Strelkov refused to be a part of these oligarchic power plays and refused to allow Russians to be pawns in these games. Thanks to Strelkov, the rebellion started in earnest. Once Akhmetov realized that the rebellion was real and not something that he could control, he switched to supporting Ukraine to try and put a lid on it, but it was too late. Kiev turned on him too, eventually. As a result, Akhmetov and other oligarchs ended up losing almost everything in our territories.
Things got worse from that point onwards for Donbass though. By 2016, Ukraine put sanctions on us. That meant that coal and other products were blocked from entering Ukraine and businesses and entire industries were shut down. People weren’t being paid for months at a time. Alexander Zakharchenko, who had been given absolute power of running the affairs of the DNR at the time, stepped in and nationalized the industries in the Donbass as an emergency measure. Thanks to him, people were put back to work.
It wasn’t long before another oligarch, however, decided to make his play for power and money.
The oligarch Serihy Kurchenko, a man with friends in Ukraine and Russia, used his influence in Moscow to swoop in and claim the government monopoly on the Donbass war-economy for himself. Naturally, he began stealing huge amounts of money and things went back to business as usual — the old model of looting returned. Wages went unpaid and our industry, already crippled by the war, was brought to the edge of ruin by his corrupt operation. To get this position though, Zakharchenko had to be removed and Kurchenko was almost certainly the man behind his assassination.
In Donbass, it is easy to arrange the murder of one person or another for money. There is an effort to combat this now and rein in the contracted killings, but it is still a problem.
After the death of the hardliner Zakharchenko, Denis Pushilin came to power [in the DNR], who remains at his post now, and Kurchenko began making his profits.
The people of Donbass went on mass strikes and protests because of the absurdity of the situation. It got so bad that eventually Moscow decided to do something about it. Kurchenko had stolen too much and angered too many people so he had to go, his connections and friends in the security structures notwithstanding. It was in 2021 that Russia started making serious plans for dealing with the situation in Donbass. As a result, Kurchenko was slated to be replaced and Yurchenko was tapped to replace him. Pushilin, however, remains at his post.
As a result of the special military operation, the political situation in Donbass has drastically improved. People were quite happy to hear the news of the start of the special operation when it began in February. To be fair, happy is not the right word, perhaps because people are not happy that the strikes have intensified and no one can even go out for strolls outside anymore. Actually, the people are absolutely livid now, seeing as the shelling hasn’t stopped since the operation began. But they’re angry at Ukraine, not Russia.

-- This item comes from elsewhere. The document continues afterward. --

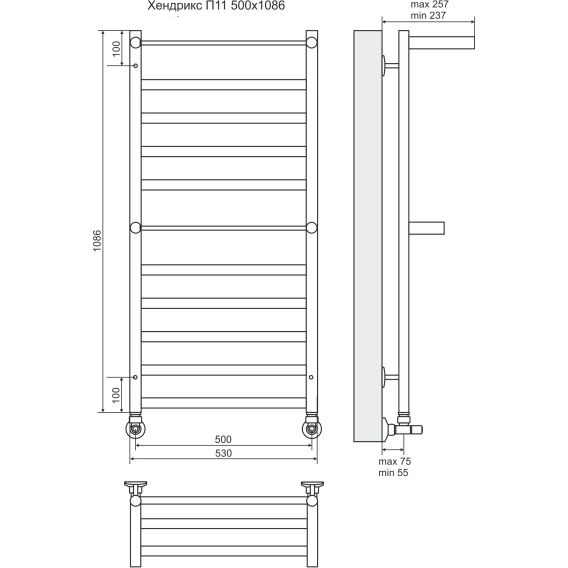 Полотенцесушитель водяной 1086x530 подключение нижнее Terminus Хендрикс+ П11

In Luhansk, however, life has returned to normal. Many LNR citizens are still fighting, of course, but Ukrainian artillery can’t reach the city. They have constant water supplies, unlike us [in the DNR]. The Ukrainians control our main water canal and deny us water. We can’t take regular showers and we can’t wash our dishes until the Russian army takes Slavyansk. I keep water in large water bottles — I count 14 in my kitchen now.
What can we expect for Donbass in the coming months and years? Any forecasts on your part?
We have a referendum up ahead of us in the DNR. But that won’t happen until the rest of our territories are reunited. If we had taken Kiev quickly, we would have probably been given a special status as autonomous states. But, because of how the war has progressed, we are now almost certainly going to be incorporated into the Russian Federation. We are going to be a “special territory” and not just a regular oblast (equivalent to a US state). We will probably have some sort of Cossack status because of our wartime experience and enjoy special privileges in exchange for providing volunteers for further war efforts. We will remain militarized and the military structures that we have now will be preserved. We are not going to be rebuilt on a liberal model, but on a militarized one, most likely. Our people aren’t going to surrender their guns. In Russia, in contrast, guns are much harder to get.
And right now, we have Pushilin at the head of the DNR. He will probably become the governor once the referendum is decided, but once there are elections, he will probably be replaced. But to get to all that we have to first win. We are now in what can be understood as the third phase of the military operation. Our forces are now launching a full attack on the Ukrainian positions, where the enemy has spent 8 years entrenching themselves.
It will be a bloody fight.
Thank you Rolo for these interviews with patriots from the Donbass. I surmised that they existed but have never encountered anything like them on any media channel in the West, whether mainstream or reinformation.
It pains me to learn about the poor treatment that the people in Donbass received from Russia, between the assassination or incarceration of patriotic leaders and the appointment of corrupt managers. What a choice between being butchered by the Ukrainian nazis and being robbed by Russian security services while the Ukrainian nazis shell you. It reminds me of the months before February revolution when ministers, officials, and merchants used the difficulties in supplying the cities with food and coal in order to push up prices and make some coin : the people were mere sheep to be fleeced. I believe that Putin and his ministers have made a serious political mistake in their poor treatment of the population in the Donbass.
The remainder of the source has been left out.